Being diagnosed with a rare and incurable cancer can leave a patient without hope.
Research is always evolving, but a majority of that focuses on major cancers that affect a majority of people. But as scientists understand more about the molecular makeup of cancer, a new weapon in previously untreatable cancers has emerged.
The genetics of a tumor can hold the key to an effective treatment. Doctors just have to know how to look for it, said Dr. Pablo Bedano, a medical oncologist at Community Cancer Center South.
“If we can find a targeted agent that works on that cancer, then the chances of side effects are much lower and the chances of success much greater,” he said. “Chemotherapy is a shotgun treatment. This is more of a smart-bomb treatment.”
In order to best treat individual patients and attack their cancers in the most effective way possible, Community Cancer Center South has convened a tumor board. The gathering brings together oncologists, molecular biologists, pharmacists and research specialists to discuss weaknesses in a patient’s unique cancer.
By focusing on the genetic and molecular makeup of the cancer, the team can use pinpoint focus to find the most up-to-date treatments possible.
“What we’re looking for is what makes the cancer tick,” Bedano said. “We can see if there is an agent that has already been approved that can block that mutation, or if it’s experimental phases to work against that mutation.”
Physicians at Community Cancer Center South have introduced molecular testing into their procedures when examining a patient’s cancer. Molecular testing breaks down the elements of a tumor at the gene level.
Working with a company in Cambridge, Massachusetts, the hospital can use next-generation sequencing to determine if there are any active mutations that are making the cancer grow.
Those results are then discussed by the tumor board, made up of Community Health Network oncologists. The local oncologists video conference with molecular biologists from Massachusetts to talk about the mutations that show up from the testing.
Pharmacists and research coordinators are also present to share information on clinical trials or new drug therapies that have shown to have success on specific tumors.
By working together, they can formulate the best treatment option for the patient’s cancer, Bedano said.
“It really helps having the input from different specialties to make a decision on treatment for the patient,” he said. “A molecular biologist may look at it from one standpoint, then a clinician might look at it a different way and the pharmacist is right there so we know if a particular drug or treatment is available. It allows us to present a better plan than if we were all working individually.”

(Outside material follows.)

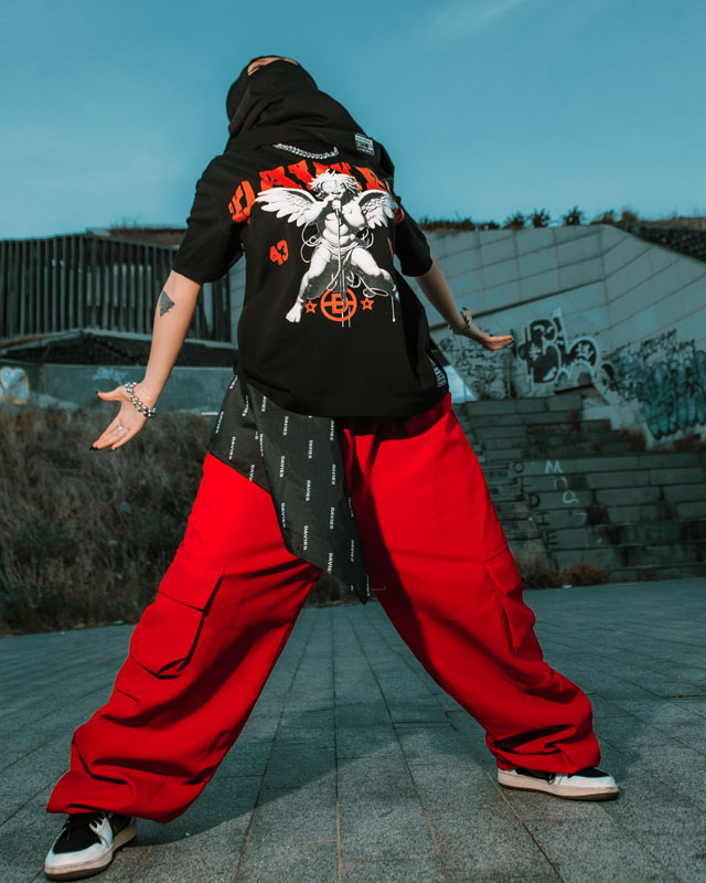 Áo thun họa tiết nam nữ với kiểu dáng ấn tượng mang đặc trưng của phong cách streetwear, được thể hiện rõ nét qua các lựa chọn size.

The tumor board is another step for Community Cancer Center South as health care moves toward more personalized medicine, Bedano said.
“Everybody’s cancer is particular to them, and they may have some unique features that might help us decide what the best treatment for the cancer is,” he said.
The board meets to discuss treatment of every patient who comes to Community Cancer Center South with metastatic, or incurable, cancer. Traditional methods of chemotherapy, surgery and radiation are the best course of treatment for a vast majority of cancers, Bedano said.
But for those patients for whom traditional methods will not work, the tumor board can determine what other options exist.
“These are people who, unfortunately, their cancer has spread. The best we can hope to do is keep it under control so they can live with it as long as they can,” Bedano said. “When we come to that situation, sometimes chemotherapy can be worse than the disease. People have so many side effects from the treatment that they just don’t want to do it anymore.”
The tumor board has been meeting at Community Cancer Center South for the past year.
Though molecular testing had been used at the hospital for nearly three years, no system was in place to effectively interpret the results, Bedano said.
Now, there’s a platform to better approach that testing.
“If we’re really serious about fighting cancer, we need to have all of the data available,” Bedano said.